Rudere abbattuto per far posto al nuovo impianto che è in fase di realizzazione con le economie rinvenienti dai ribassi d’asta. Una volta realizzate, le due aree di parcheggio potranno arrivare ad ospitare fino a 1.100 autovetture e si affiancheranno a quelle già esistenti.
Nel frattempo, il commissario straordinario per i XX Giochi del Mediterraneo, Massimo Ferrarese, ha firmato un’ordinanza con la quale viene assegnato al Comune di Taranto un finanziamento aggiuntivo di 1,3 milioni di euro per il progetto “Taranto Green & Blue – Parco del Mediterraneo alla Salinella”. L’intervento, già inserito nel secondo stralcio del Programma delle opere infrastrutturali dei Giochi, aveva ottenuto in precedenza un finanziamento di 5,3 milioni di euro. Con questo nuovo provvedimento, le risorse complessive salgono dunque a 6,6 milioni.

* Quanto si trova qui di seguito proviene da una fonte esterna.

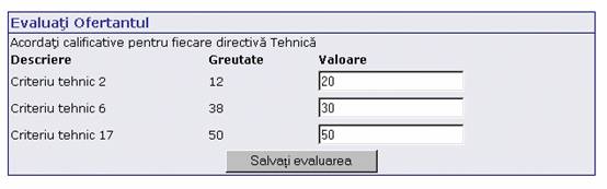 Apasand numele participantului la licitatie, care este un link, sistemul va va transfera catre formularul de editare unde dumneavoastra trebuie sa evaluati oferta economica.
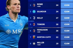 體育資訊3月24日訊 德國轉會市場公布了新一期的意甲球員身價情況,并且盤點了在意甲效力的英國球員身價情況,麥克托米奈以4500萬歐居首。
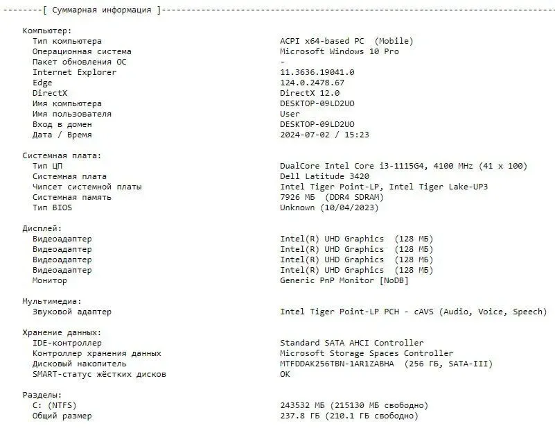 - Операційна система: Windows 10 активована вшитим у BIOS ключем
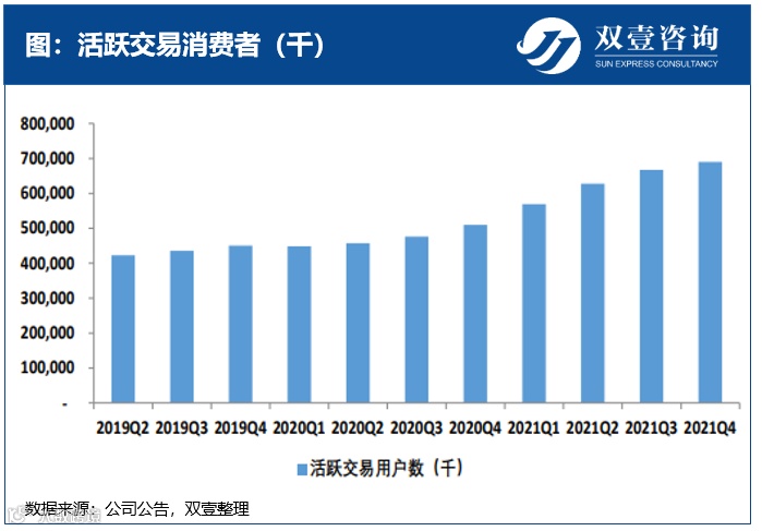 在2021年Q4,日均交易笔数达到4250万单,峰值的日订单量突破了5300万。
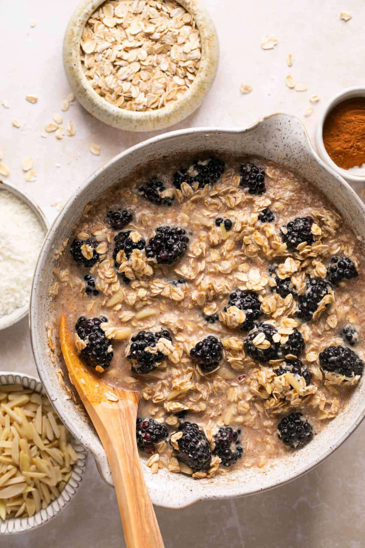 Fresh blackberries:ย I love this recipe because it’s a different way to use up all of those delicious fresh blackberries that come into season during the summer. They’re fresh and juicy and perfect for this baked oatmeal.
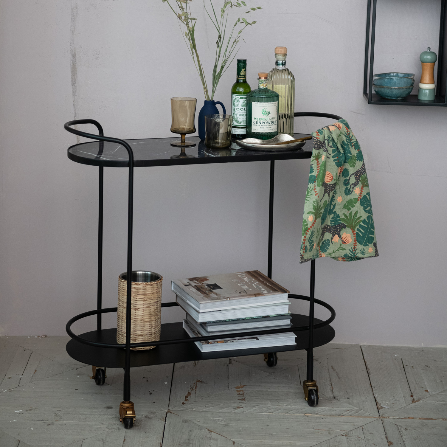 Metal & Marbled Veneer 2-Tier Bar Cart on Casters, Matte Black

L’ordinanza ricostruisce il percorso amministrativo che ha portato alla necessità di integrare i fondi. Il commissario nell’ordinanza ricorda che il progetto del Parco del Mediterraneo è classificato come “opera essenziale” e che, nel corso delle interlocuzioni con il Comune di Taranto, è emersa l’esigenza di potenziare l’area con un pattinodromo destinato agli allenamenti degli atleti impegnati nelle discipline rotellistiche. Per realizzare l’impianto e il relativo parcheggio, il Comune aveva richiesto una variante tecnica, stimata in 1,3 milioni di euro aggiuntivi.
La copertura finanziaria di questa somma deriva da due fonti: 910.800 euro provengono dalla revoca parziale del finanziamento concesso al Comune di Laterza per un altro intervento del Programma, revoca disposta nel 2025 a causa dei ritardi e del mancato rispetto del cronoprogramma; i restanti 389.200 euro arrivano invece dalle economie di gara maturate nell’intervento di riqualificazione degli impianti destinati agli allenamenti, realizzato dalla Provincia di Taranto.

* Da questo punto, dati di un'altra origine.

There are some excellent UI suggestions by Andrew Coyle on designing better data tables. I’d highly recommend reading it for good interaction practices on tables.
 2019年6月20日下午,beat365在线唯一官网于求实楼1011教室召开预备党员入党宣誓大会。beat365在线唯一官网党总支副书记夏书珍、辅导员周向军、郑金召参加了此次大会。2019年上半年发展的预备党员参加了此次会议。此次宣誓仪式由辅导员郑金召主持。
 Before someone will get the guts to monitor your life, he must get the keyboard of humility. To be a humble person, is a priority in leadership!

L’ordinanza dà atto che la variante progettuale del pattinodromo è stata suddivisa in due lotti funzionali: il primo relativo alla demolizione appunto del vecchio fabbricato, il secondo alla costruzione dell’impianto vero e proprio e delle aree di parcheggio.

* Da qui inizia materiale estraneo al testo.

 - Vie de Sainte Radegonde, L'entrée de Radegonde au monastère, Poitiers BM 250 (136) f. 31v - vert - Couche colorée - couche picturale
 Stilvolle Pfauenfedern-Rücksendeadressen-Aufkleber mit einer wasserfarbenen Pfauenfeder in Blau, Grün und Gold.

Intanto sembra sempre più probabile che per il manto erboso dello stadio si propenda per la soluzione che prevede l’utilizzo di erba sintetica. Il sintetico Fifa quality pro, infatti, permetterebbe di abbattere i tempi necessari affinché un manto in erba naturale possa attecchirsi. I tempi stretti che restano per consegnare l’impianto di calcio del Salinella sarebbero infatti incompatibili con quelli per l’attecchimento delle zolle di erba. Infatti servirebbero dalle quattro alle sei settimane. Al contrario, come spiegano esperti del settore, una volta preparata la base drenante sul terreno di gioco il tappeto di erba sintetica necessita di circa dieci-quindici giorni.